■ Exercise directions
Find and copy the lines in the records beneath this task that contain the word "Gaúcho".

### Stored data ###

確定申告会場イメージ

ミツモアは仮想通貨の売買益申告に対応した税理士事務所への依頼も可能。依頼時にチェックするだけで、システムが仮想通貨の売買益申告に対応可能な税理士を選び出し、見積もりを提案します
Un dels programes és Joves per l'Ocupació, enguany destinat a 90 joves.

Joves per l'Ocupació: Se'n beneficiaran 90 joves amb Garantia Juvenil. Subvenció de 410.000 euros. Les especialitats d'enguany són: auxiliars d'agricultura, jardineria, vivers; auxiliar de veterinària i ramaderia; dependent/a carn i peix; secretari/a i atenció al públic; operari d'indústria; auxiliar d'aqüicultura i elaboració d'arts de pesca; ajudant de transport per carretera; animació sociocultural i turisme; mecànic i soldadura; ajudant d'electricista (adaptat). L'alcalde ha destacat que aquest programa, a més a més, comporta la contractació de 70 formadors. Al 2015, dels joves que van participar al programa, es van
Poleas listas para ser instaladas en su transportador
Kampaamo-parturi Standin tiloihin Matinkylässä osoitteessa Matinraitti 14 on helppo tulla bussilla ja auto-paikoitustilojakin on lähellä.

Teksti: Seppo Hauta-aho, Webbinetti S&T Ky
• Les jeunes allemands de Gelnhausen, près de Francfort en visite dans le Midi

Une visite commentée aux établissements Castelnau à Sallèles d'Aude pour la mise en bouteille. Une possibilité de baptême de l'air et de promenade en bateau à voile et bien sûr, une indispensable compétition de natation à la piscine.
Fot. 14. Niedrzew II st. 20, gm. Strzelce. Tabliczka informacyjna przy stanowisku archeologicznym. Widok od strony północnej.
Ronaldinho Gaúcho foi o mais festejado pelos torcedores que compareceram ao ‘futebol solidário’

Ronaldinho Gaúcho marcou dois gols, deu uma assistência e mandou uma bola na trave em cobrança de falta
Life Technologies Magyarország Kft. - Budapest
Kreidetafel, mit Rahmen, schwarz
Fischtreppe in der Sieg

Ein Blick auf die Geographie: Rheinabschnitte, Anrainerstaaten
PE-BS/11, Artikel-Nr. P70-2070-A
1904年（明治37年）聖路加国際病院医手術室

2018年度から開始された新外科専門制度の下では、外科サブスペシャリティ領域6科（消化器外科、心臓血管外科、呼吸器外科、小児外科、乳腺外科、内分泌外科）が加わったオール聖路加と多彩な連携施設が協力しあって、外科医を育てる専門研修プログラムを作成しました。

###
### Stored data ###

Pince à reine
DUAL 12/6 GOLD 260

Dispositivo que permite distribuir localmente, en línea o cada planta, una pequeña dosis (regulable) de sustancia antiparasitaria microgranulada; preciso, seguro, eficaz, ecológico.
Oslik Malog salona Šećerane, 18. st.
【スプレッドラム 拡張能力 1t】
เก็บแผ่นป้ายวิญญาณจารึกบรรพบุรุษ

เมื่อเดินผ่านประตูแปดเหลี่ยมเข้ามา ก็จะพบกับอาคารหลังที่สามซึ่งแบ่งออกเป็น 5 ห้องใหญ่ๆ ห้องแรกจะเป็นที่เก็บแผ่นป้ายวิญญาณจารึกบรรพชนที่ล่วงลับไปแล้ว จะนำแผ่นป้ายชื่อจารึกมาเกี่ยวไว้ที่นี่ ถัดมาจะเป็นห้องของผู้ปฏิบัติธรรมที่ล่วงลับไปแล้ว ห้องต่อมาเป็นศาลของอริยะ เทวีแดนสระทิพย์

###

■ Result below
Ronaldinho Gaúcho foi o mais festejado pelos torcedores que compareceram ao ‘futebol solidário’
Ronaldinho Gaúcho marcou dois gols, deu uma assistência e mandou uma bola na trave em cobrança de falta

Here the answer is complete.